Put another way, there was a decline in the labor force participation rate by 446,000 people. As a result, the overall participation rate dropped to 62.7% while the rate for the 25 to 54 year old age group dipped to 81.4%. In general, people leave the labor force when they are discouraged about job prospects, hence this is normally not a positive sign, even though it results in an improvement in the unemployment rate.
Population-adjusted unemployment claims are near their lowest levels since the late 1960s. They briefly dipped to their lowest level since the data has been recorded in September, before rising slightly in October and November.

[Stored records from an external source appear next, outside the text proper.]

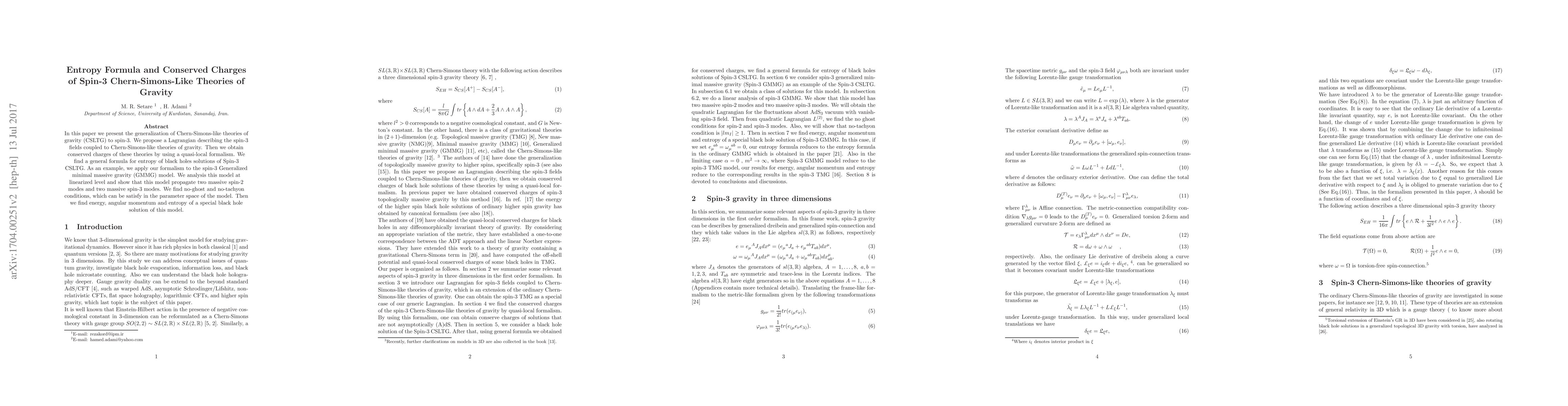 This paper generalizes Chern-Simons-like theories of gravity to spin-3, proposing a Lagrangian for spin-3 fields and deriving conserved charges using quasi-local formalism. It introduces a general entropy formula for black hole solutions in spin-3 CSLTG and applies it to the spin-3 Generalized minimal massive gravity model, confirming the absence of ghosts and tachyons and calculating energy, angular momentum, and entropy for a specific black hole solution.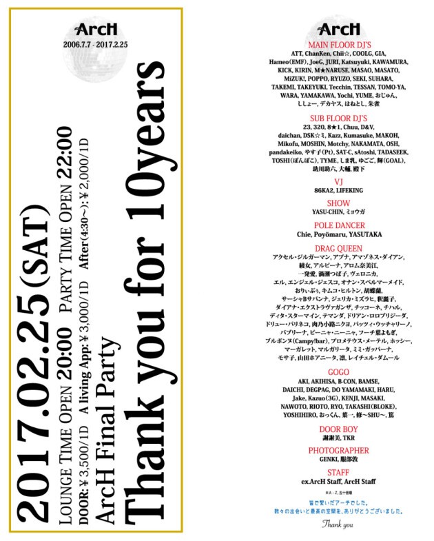 ArcHが営業スタートして10年。完全閉店となる最後の一夜に、ArcHを愛した多くのキャストが勢ぞろい!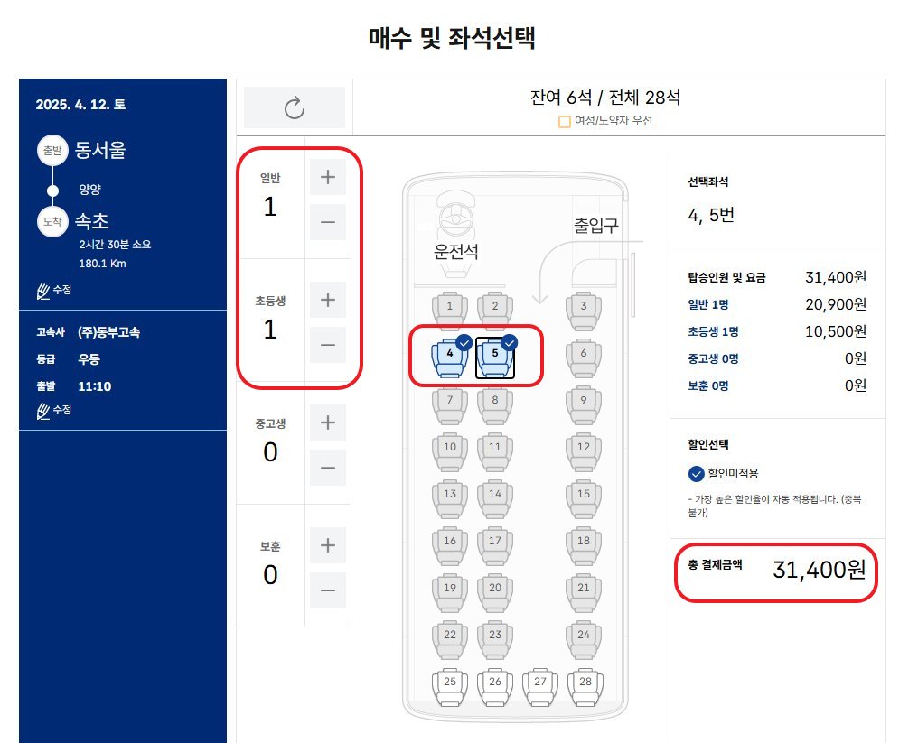 - 고속버스 예매 시 좌석 선택 단계에서 ‘권종’ 표시를 통해 확인 가능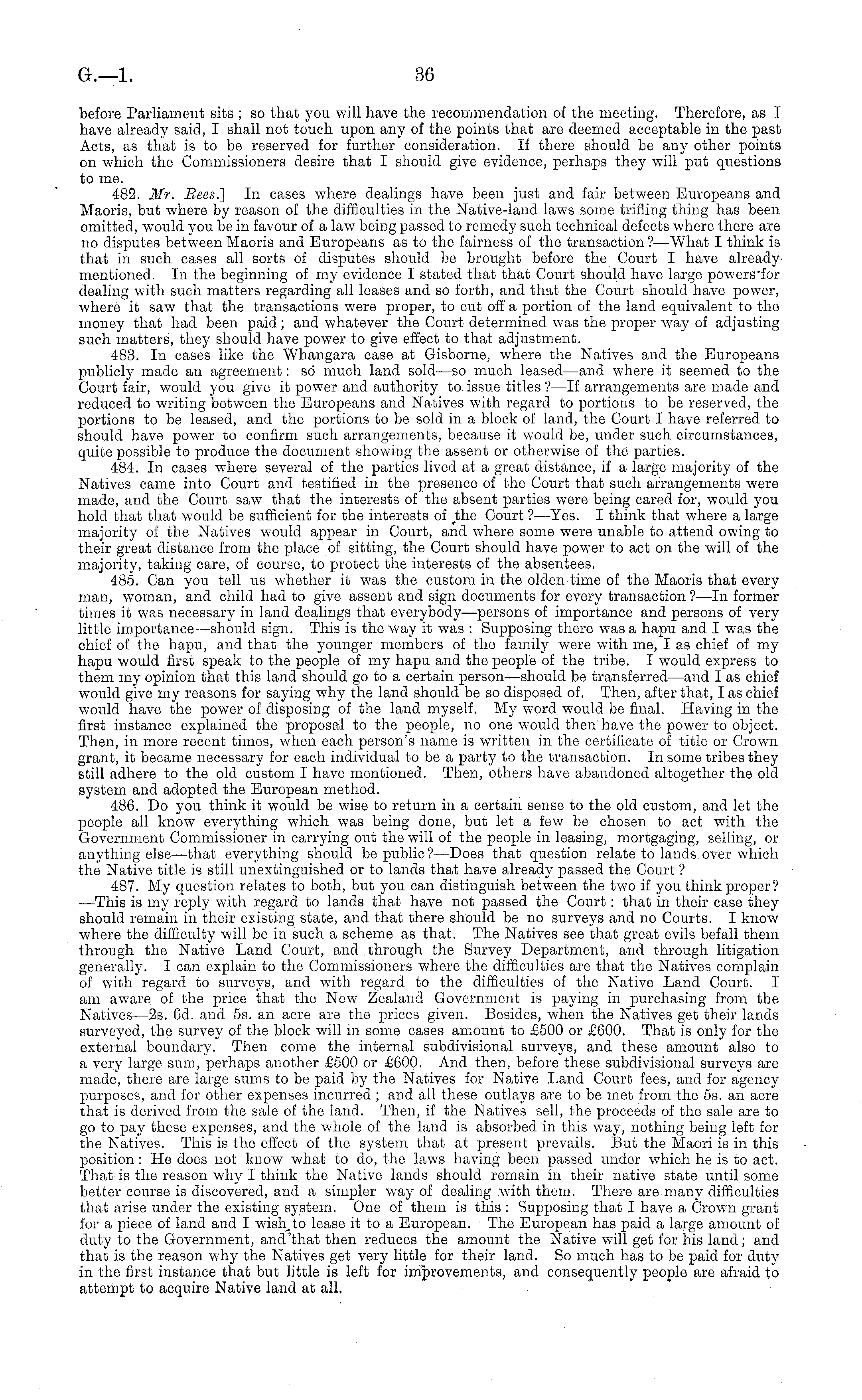 before Parliament sits ;so that you Avill have the recommendation of the meeting. Therefore, as I have already said, I shall not touch upon any of the points that are deemed acceptable in the past Acts, as that is to be reserved for further consideration. If there should be any other points on Avhich the Commissioners desire that I should give evidence, perhaps they will put questions to me. 482. Mr. Bees.] In cases where dealings have been just and fair between Europeans and Maoris, but where by reason of the difficulties in the Native-land laws some trifling thing has been omitted, would you be in favour of a law being passed to remedy such technical defects where there are no disputes between Maoris and Europeans as to the fairness of the transaction?.—What I think is that in such cases all sorts of disputes should be brought before the Court I have alreadymentioned. In the beginning of my evidence I stated that that Court should have large powers "for dealing with such matters regarding all leases and so forth, and that the Court should have power, Avhere it saw that the transactions were proper, to cut off a portion of the land equivalent to the money that had been paid; and whatever the Court determined was the proper way of adjusting such matters, they should have power to give effect to that adjustment. 483. In cases like the Whangara case at Gisborne, Avhere the Natives and the Europeans publicly made an agreement: so much land sold—so much leased—and where it seemed to the Court fair, AA'ould you give it power and authority to issue titles ?—lf arrangements are made and reduced to writing between the Europeans and Natives with regard to portions to be reserved, the portions to be leased, and the portions to be sold in a block of land, the Court I have referred to should haA'e power to confirm such arrangements, because it would be, under such circumstances, quite possible to produce the document showing the assent or otherwise of the parties. 484. In cases where several of the parties lived at a great distance, if a large majority of the Natives came into Court and testified in the presence of the Court that such arrangements were made, and the Court saAV that the interests of the absent parties were being cared for, Avould you hold that that Avould be sufficient for the interests of o the Court ?—Yes. I think that Avhere a large majority of the Natives would appear in Court, and where some were unable to attend owing to their great distance from the place of sitting, the Court should have power to act on the will of the majority, taking care, of course, to protect the interests of the absentees. 485. Can you tell us Avhether it was the custom in the olden time of the Maoris that every man, woman, and child had to give assent and sign documents for every transaction ?—ln former times it was necessary in land dealings that everybody—persons of importance and persons of very little importance —should sign. This is the way it was : Supposing there Avas a hapu and I was the chief of the hapu, and that the younger members of the family were with me, I as chief of my hapu Avould first speak to the people of my hapu and the people of the tribe. I would express to them my opinion that this land should go to a certain person —should be transferred—and I as chief Avould give my reasons for saying why the land should be so disposed of. Then, after that, las chief would have the power of disposing of the land myself. My word would be final. Having in the first instance explained the proposal to the people, no one Avould then'have the power to object. Then, in more recent times, when each person's name is written in the certificate of title or Crown grant, it became necessary for each individual to be a party to the transaction. In some tribes they still adhere to the old custom I have mentioned. Then, others have abandoned altogether the old system and adopted the European method. 486. Do you think it would be Avise to return in a certain sense to the old custom, and let the people all knoAV everything Avhich was being done, but let a feAv be chosen to act with the Government Commissioner in carrying out the will of the people in leasing, mortgaging, selling, or anything else —that everything should be public?—Does that question relate to lands.over AA'hich the Native title is still unextinguished or to lands that have already passed the Court ? 487. My question relates to both, but you can distinguish between the two if you think proper? —This is my reply Avith regard to lands that have not passed the Court : that in their case they should remain in their existing state, and that there should be no surveys and no Courts. I know where the difficulty will be in such a scheme as that. The Natives see that great evils befall them through the Native Land Court, and through the Survey Department, and through litigation generally. I can explain to the Commissioners where the difficulties are that the NatiA'es complain of Avith regard to surveys, and with regard to the difficulties of the NatiA'e Land Court. I am aAvare of the price that the New Zealand Government is paying in purchasing from the Natives—2s. 6d. and ss. an acre are the prices giA'en. Besides, when the Natives get their lands surveyed, the survey of the block will in some cases amount to £500 or £600. That is only for the external boundary. Then come the internal subdivisional surveys, and these amount also to a very large sum, perhaps another £500 or £600. And then, before these subdivisional surveys are made, there are large sums to be paid by the Natives for Native Land Court fees, and for agency purposes, and for other expenses incurred ; and all these outlays are to be met from the ss. an acre that is derived from the sale of the land. Then, if the Natives sell, the proceeds of the sale are to go to pay these expenses, and the whole of the land is absorbed in this way, nothing being left for th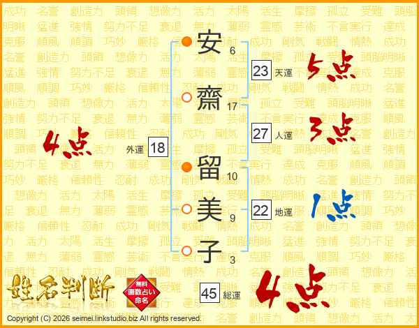 安齋留美子さんの総運は45画の4点!
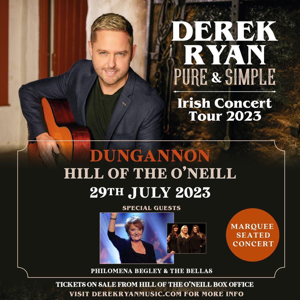 Derek Ryan is on a run of sell-out shows, kicking off his most successful concert tour to date at the start of the year. Due to the huge success and demand, Derek has just added a new show on his ‘Pure & Simple’ tour in Dungannon’s Hill of The O’Neill on Saturday 29th July. With support from very special guests Philomena Begley and local band The Bellas.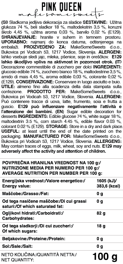 VYROBENO PRO: MakeSomeSweets d.o.o., Bukovica pri Vodice 53, 1217 Vodice, Slovinsko.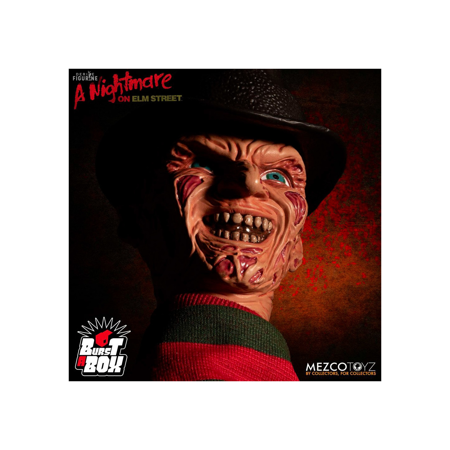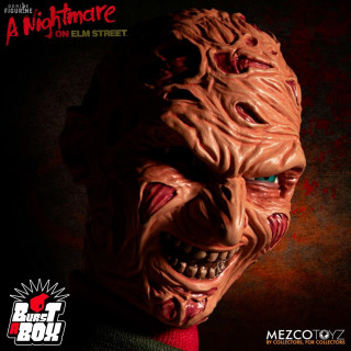Diable en boîte officiel de Freddy Krueger mesurant environ 36 centimètres de haut. Il est issu de la collection Burst-A-Box. Le fabricant est Mezco Toys.

However, Average Hourly Earnings was another blip on the radar of an otherwise generally upbeat jobs report as they declined from a 2.8% year over year (Y/Y) rise in October, to 2.5% Y/Y in November. That said, the overall upward trend for 2016 continues, suggesting that inflation may slowly be coming into play. This may finally convince the Fed to raise interest rates in December.
Some of the unemployment numbers may not be as rosy as they appear, given that underemployment is a factor that doesn’t appear in the numbers. The fact that workers who are seeking full time jobs but taking part time work, or continue to accept positions for which they are overqualified, is an ongoing concern. That said, with the Fed on the brink of an interest rate hike, the outlook is certainly closer to optimism than it is to despair.